• Exercise details
Once you find the line with "ZCM1115,ZCM112" in the data that follows, repeat it and every line after it exactly, through the line with "さわやかな風が吹き、快晴に近".

• Information
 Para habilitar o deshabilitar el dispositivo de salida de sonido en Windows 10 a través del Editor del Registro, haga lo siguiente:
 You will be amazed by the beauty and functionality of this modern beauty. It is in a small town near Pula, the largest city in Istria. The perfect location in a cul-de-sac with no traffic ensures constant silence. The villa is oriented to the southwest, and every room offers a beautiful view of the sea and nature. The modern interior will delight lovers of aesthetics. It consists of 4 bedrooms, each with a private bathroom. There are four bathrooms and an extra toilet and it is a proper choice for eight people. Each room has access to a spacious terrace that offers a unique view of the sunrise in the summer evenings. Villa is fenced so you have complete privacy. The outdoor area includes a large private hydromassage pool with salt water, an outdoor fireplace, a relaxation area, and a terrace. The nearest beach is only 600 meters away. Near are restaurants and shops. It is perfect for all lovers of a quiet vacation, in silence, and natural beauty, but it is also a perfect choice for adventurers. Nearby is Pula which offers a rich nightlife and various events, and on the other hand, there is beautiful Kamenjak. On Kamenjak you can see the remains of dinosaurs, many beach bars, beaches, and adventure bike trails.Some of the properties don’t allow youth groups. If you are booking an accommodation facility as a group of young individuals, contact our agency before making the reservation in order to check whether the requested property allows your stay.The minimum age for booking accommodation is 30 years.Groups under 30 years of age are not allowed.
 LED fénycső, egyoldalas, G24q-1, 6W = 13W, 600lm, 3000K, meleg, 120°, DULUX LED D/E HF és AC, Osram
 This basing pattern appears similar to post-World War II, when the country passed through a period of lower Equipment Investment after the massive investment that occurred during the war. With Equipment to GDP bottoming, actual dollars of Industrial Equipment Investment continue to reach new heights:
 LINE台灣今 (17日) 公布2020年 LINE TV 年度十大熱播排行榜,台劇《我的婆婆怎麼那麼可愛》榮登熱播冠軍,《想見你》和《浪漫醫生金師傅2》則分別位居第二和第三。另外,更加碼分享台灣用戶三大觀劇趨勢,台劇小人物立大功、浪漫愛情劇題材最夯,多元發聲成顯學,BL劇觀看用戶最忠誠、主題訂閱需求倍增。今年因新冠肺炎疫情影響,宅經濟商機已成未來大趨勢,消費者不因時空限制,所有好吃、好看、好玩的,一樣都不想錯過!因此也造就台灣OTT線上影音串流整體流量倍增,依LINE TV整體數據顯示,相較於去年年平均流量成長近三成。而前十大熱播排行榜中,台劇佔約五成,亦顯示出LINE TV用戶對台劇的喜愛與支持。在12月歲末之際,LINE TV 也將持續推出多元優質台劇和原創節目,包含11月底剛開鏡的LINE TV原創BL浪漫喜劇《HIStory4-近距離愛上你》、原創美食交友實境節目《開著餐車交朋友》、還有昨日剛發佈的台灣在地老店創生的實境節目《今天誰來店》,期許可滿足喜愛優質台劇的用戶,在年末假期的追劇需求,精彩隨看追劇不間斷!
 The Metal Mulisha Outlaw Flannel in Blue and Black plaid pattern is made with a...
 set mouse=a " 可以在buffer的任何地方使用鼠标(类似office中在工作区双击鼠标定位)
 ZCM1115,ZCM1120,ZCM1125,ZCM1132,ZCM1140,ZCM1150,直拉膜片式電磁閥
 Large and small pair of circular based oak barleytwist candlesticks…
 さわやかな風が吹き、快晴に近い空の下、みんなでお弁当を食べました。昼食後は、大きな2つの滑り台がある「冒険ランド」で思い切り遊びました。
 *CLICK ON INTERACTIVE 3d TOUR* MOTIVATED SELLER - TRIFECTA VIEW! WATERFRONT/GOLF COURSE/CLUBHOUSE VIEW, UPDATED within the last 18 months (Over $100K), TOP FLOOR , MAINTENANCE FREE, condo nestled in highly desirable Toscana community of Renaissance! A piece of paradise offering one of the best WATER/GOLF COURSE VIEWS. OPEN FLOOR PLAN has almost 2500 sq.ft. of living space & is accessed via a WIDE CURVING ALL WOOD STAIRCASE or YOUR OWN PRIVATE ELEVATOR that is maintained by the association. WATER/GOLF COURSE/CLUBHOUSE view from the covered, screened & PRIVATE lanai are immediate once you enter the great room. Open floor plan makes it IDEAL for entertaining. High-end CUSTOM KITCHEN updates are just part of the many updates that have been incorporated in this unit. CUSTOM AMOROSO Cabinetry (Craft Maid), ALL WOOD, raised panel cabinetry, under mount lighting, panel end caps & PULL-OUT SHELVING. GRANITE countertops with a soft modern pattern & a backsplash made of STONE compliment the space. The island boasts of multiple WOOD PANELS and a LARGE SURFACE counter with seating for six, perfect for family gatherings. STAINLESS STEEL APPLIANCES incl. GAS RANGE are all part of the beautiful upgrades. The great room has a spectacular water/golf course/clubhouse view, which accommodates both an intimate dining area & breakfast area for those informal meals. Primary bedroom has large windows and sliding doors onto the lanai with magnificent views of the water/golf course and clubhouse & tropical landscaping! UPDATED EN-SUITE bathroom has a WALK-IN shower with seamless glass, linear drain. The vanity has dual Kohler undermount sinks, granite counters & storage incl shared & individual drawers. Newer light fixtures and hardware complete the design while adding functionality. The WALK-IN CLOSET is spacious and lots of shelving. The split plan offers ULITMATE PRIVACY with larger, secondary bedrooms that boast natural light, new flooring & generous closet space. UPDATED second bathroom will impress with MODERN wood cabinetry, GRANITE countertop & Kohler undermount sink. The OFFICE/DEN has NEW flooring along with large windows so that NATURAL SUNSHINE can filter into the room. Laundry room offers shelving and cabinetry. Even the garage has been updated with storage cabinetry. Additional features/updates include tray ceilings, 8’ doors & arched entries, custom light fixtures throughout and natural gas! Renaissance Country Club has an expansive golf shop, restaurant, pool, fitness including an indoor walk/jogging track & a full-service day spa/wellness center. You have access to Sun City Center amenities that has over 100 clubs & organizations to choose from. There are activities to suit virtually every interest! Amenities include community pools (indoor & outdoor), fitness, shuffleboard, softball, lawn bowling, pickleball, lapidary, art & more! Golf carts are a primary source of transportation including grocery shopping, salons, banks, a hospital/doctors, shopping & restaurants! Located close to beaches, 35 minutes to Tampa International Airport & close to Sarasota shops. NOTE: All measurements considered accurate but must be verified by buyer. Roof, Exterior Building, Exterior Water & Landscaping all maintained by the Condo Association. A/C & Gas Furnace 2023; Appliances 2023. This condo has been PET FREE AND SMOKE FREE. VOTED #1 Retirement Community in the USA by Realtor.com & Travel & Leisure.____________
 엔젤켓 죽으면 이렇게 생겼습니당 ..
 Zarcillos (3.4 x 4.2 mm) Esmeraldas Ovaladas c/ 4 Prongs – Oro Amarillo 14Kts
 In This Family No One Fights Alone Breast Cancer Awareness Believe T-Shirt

• Expected answer
 ZCM1115,ZCM1120,ZCM1125,ZCM1132,ZCM1140,ZCM1150,直拉膜片式電磁閥
 Large and small pair of circular based oak barleytwist candlesticks…
 さわやかな風が吹き、快晴に近い空の下、みんなでお弁当を食べました。昼食後は、大きな2つの滑り台がある「冒険ランド」で思い切り遊びました。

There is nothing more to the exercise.